THE National Security Agency (NSA) is sounding the alarm on the cybersecurity risks posed by artificial intelligence (AI) systems, issuing new guidelines to help companies protect their AI from hackers.
As AI becomes increasingly integrated into business operations, experts warn that these systems are particularly vulnerable to cyberattacks. The NSA Cybersecurity fact sheet provides insight into the unique security challenges of AI and suggests steps businesses can take to strengthen their defenses.

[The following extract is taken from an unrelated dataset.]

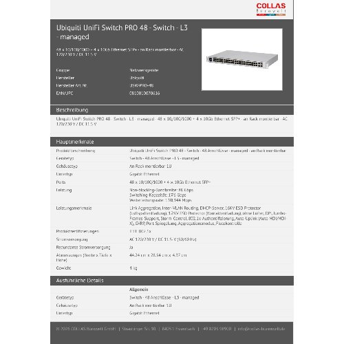 Jetzt anmeldenProduktinformationen "Ubiquiti UniFi Switch PRO 48 - Switch - L3 - managed"
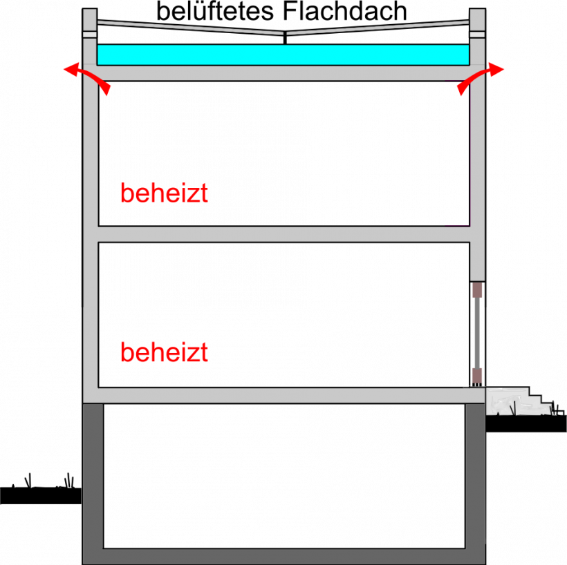 Das Aufblasen von Zellulosedämmstoff (türkis dargestellt) eignet sich auch für die Dämmung der obersten Geschossdecken in Häusern mit Beton-Flachdach (z.B. Mehrfamilienhäuser, kommunale Gebäude, Kita’s u.a.). Insbesondere bei nicht begehbaren Konstruktionen, z.B. bei Betondecken, ist das Einblasen oftmals die einzige Möglichkeit, eine gute und nachhaltige Dämmung aufzubringen. Allerdings bleiben Wärmebrücken im Randbereich der gedämmten Geschossdecke erhalten (rote Pfeile). Sie lassen sich nur durch eine zusätzliche Außendämmung (z.B. WDVS) kompensieren.

“AI offers unprecedented opportunities, but can also present opportunities for malicious activity. The NSA is uniquely positioned to provide cybersecurity advice, AI expertise and advanced threat analysis,” said the NSA Cybersecurity Director. Dave Luber declared Monday April 15 in a Press release.
Hardening against attacks
The report suggests that organizations using AI systems should implement strict security measures to protect sensitive data and prevent misuse. Key measures include conducting continuous assessments of compromises, hardening the IT deployment environment, enforcing strict access controls, using robust logging and monitoring, and limiting access to model weights.
“AI is vulnerable to hackers due to its complexity and the large amounts of data it can process. » Jon Clayvice president of threat intelligence at cybersecurity company Micro Trend, said PYMNTS. “AI is software, and as such there are likely vulnerabilities that can be exploited by adversaries. »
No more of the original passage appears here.